Every Power BI consultant knows the scenario: you've built a polished report for one client, and now a second client wants something similar but pointing at their own data. The report structure is the same, the DAX logic is the same — only the datasource is different.
So you copy the .pbix, open it, and start manually updating every table reference, every measure, every filter. Hours of tedious, error-prone work.
There has to be a better way. And there is.
The datasource switching problem
When you change a Power BI report's datasource, it's not just one connection string. A typical report has:
- Tables that need to point at different source tables
- Columns that may have different names in the new dataset
- DAX measures containing hardcoded table and column references
- Visual queries in PBIR JSON files referencing specific entities
- Filters at the visual, page, and report level
- Bookmarks that store filter state snapshots
Change one and miss another, and you get broken visuals, missing data, or subtle calculation errors that are hard to catch.
The manual approach (and why it fails at scale)
The traditional approach is:
- Duplicate the report
- Update the data source connection
- Fix every broken reference manually
- Test every page
This works for one report. But if you're a consultancy that builds templated reports — one for retail, one for healthcare, one for logistics — and each client gets a customised version, you're doing this dozens of times a year. Mistakes are inevitable.
How Dummy BI Automate handles it
Dummy BI Automate uses a 6-phase wizard that reads your PBIP project folder and systematically rewrites everything:
Phase 1: Table mappings
Map each source table to its new equivalent. The tool reads your TMDL model files and shows you every table in the semantic model.
Phase 2: Column mappings
For each mapped table, map the columns. The tool suggests matches based on name similarity.
Phase 3: Measure mappings
Map measures that reference specific tables or columns.
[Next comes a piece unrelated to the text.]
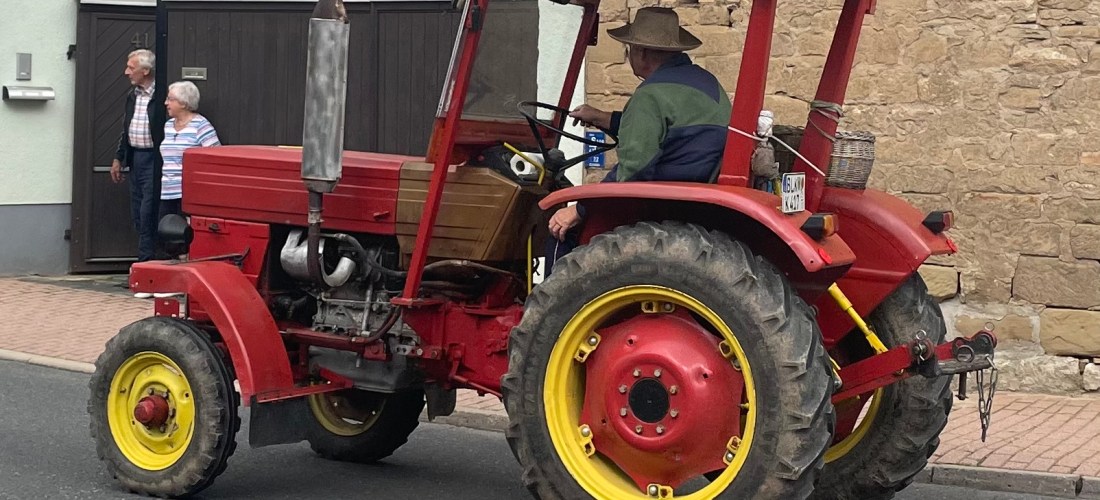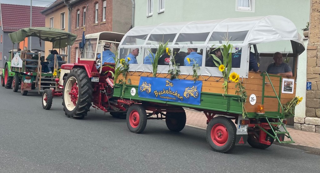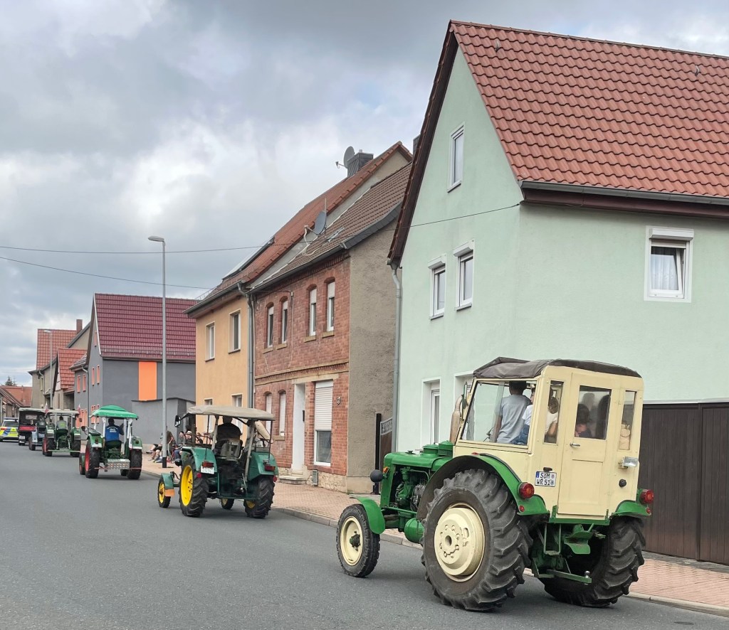 Als wir fünfundsiebzig Minuten später beim Haus von Y und seinen Eltern K und X ankamen, war zu Ls großer Freude auch ihr ehemaliger Kindergartenfreund K mit seinem Papa da. Gemeinsam schauten wir uns den Traktorumzug durch das Dorf an.

The tool parses DAX expressions to find references.
Phase 4: Hierarchy mappings
Map any hierarchies (Year → Quarter → Month) to their equivalents in the new dataset.
Phase 5: Calculation group mappings
Map calculation group items — common in reports using time intelligence patterns.
Phase 6: Field parameter mappings
Map field parameters — used in dynamic visuals where users can switch which measure is displayed.
After mapping, the tool rewrites:
- All TMDL files (model definition, table definitions, relationships)
- All DAX expressions (measures, calculated columns, calculated tables)
- All PBIR JSON files (visual queries, filters, bookmarks, drillthrough parameters)
The entire process takes minutes, not hours. And because it's systematic, nothing gets missed.
Why local processing matters
Your Power BI data often contains sensitive business information — revenue figures, customer data, employee records. Dummy BI Automate processes everything on your local machine. Your datasource mappings, your TMDL files, your DAX expressions — none of it leaves your computer.
This isn't a marketing angle. It's an architectural decision. The tool reads files from your filesystem and writes files to your filesystem. There is no cloud service, no upload step, no API call that carries your data.
Getting started
- Save your Power BI report in PBIP format (File → Save As → Power BI Project)
- Open Dummy BI Automate
- Select your project folder
- Run the Switch Datasource wizard
- Map your tables, columns, and measures
- Apply — and you have a switched report ready to open in Power BI Desktop
If you're a consultant or a team that builds repeatable Power BI solutions, datasource switching automation saves measurable time on every engagement.